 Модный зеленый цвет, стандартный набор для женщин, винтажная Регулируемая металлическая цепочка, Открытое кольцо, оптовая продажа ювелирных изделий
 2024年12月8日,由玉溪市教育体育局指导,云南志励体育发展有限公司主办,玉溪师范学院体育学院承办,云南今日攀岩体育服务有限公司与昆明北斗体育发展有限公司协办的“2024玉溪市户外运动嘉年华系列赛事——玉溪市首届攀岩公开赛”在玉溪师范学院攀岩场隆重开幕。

********

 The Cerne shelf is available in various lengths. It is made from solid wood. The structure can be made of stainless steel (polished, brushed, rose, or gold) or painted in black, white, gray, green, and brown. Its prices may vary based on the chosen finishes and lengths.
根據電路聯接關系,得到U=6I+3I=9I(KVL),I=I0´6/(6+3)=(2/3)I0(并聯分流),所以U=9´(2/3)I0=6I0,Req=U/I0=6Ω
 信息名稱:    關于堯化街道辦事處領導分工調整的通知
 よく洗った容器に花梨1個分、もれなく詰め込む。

********

The required answer is the run of lines above, starting at the line with "信息名稱:    關于堯化街道辦事處領導分工調整的通知" and ending at the line with "よく洗った容器に花梨1個分、もれなく詰め込む。", reproduced exactly with both ends.

 信息名稱:    關于堯化街道辦事處領導分工調整的通知
 よく洗った容器に花梨1個分、もれなく詰め込む。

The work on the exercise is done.